1 February

The Sad, True Story Of A Brave Mouse

by Jon Katz
The Sad, True Story Of A Heroic Mouse

 

I want to tell you the sad but true story of the bravest mouse I have ever known, a smart mouse who sacrificed himself for what may have been the biggest score of his life. We are reminded constantly of the real world of real animals.

I was in the kitchen making breakfast when I heard a clunking and rattling coming from the big room at the end of the house. Maria was upstairs and the dogs were outside and I just could not imagine what the noise would be. I came into the room and looked behind a big chair and there I saw this small mouse dragging a discarded large dog biscuit – it was covered with dust and grime –  into a very small hole in the wall. The hole was barely big enough for him, but not nearly big enough for this biscuit. He was trying hard to pull it in.

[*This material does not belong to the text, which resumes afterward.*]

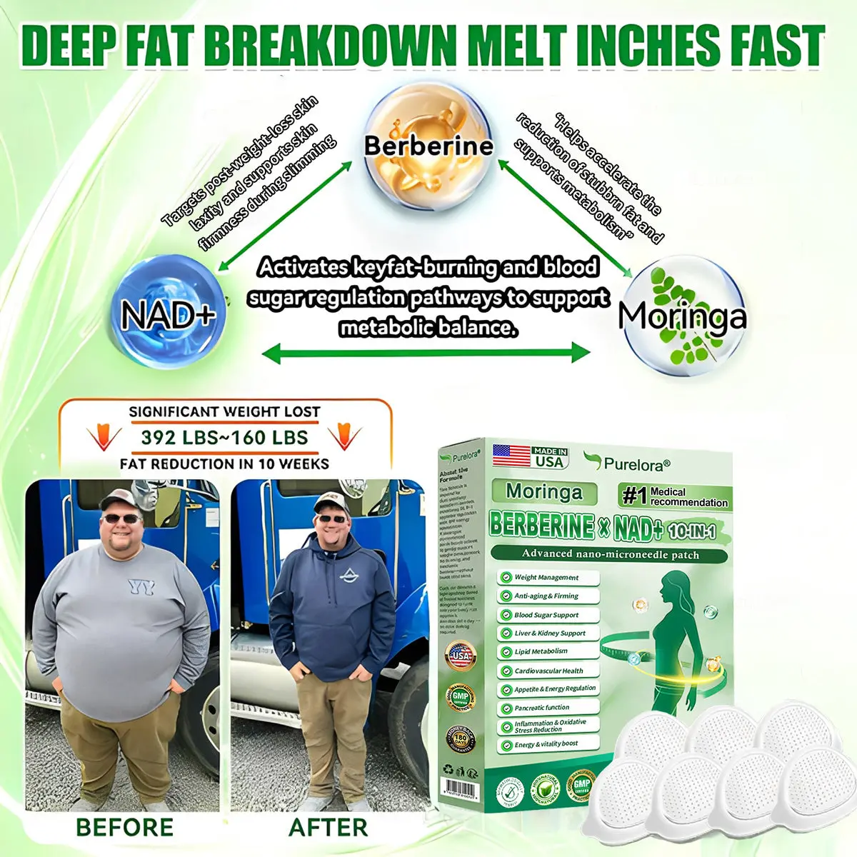 Purelora® Moringa Berberine × NAD⁺ 10-in-1 Nano Microneedle Patch: 98% absorption rate – for sustainable improvement in weight, liver, gut and skin health

I wasn’t sure what to do. I almost pounded him with a walking stick, but couldn’t, mostly because he was so brave and determined. I couldn’t help thinking that this mouse had hit the jackpot, and was going for it.

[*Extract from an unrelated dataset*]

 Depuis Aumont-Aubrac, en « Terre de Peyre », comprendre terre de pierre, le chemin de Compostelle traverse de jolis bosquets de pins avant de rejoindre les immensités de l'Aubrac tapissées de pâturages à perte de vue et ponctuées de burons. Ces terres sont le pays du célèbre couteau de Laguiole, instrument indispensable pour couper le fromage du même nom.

I reached down and saw him hanging on to the biscuit for dear life, and trying to pull it into the hole. He could easily have vanished into it, but he wouldn’t go. Perhaps he didn’t see me reach down – he must have – but I was able to grab him by the tail, and to my surprise, he still wouldn’t let go of the biscuit. This mouse had to live, I thought. He deserves his biscuit. But not in the farmhouse. I picked him up with one hand, the biscuit with the other. I took both up in the tall grass and bush by the side of the house and dropped him there. He could make a nest out there and keep his hard-won treat. I’m sure he could find his way back into the farmhouse or one of the barns.  He was a brave and determined mouse.

An hour later, I came outside and Lenore rushed to a spot right by the garden. She looked up at me, and sniffed. Whatever was there, Lenore wasn’t eating it, which drew my attention.  I came up and saw the mouse, dead right near his biscuit. Surely, he was trying to get back into the house.  On the top of the nearby stone wall, I saw Mother, sitting there, swishing her tail, watching us. I don’t mourn mice much, but I did feel bad about this one. I put  him on the biscuit, took a photo, said good bye and buried him up the hill a ways, deep enough to keep the cats off of him. I buried the biscuit with him, so he got to keep it after all. So there is that. That is the sad but true story of a brave and determined mouse. The bravest mouse I have known.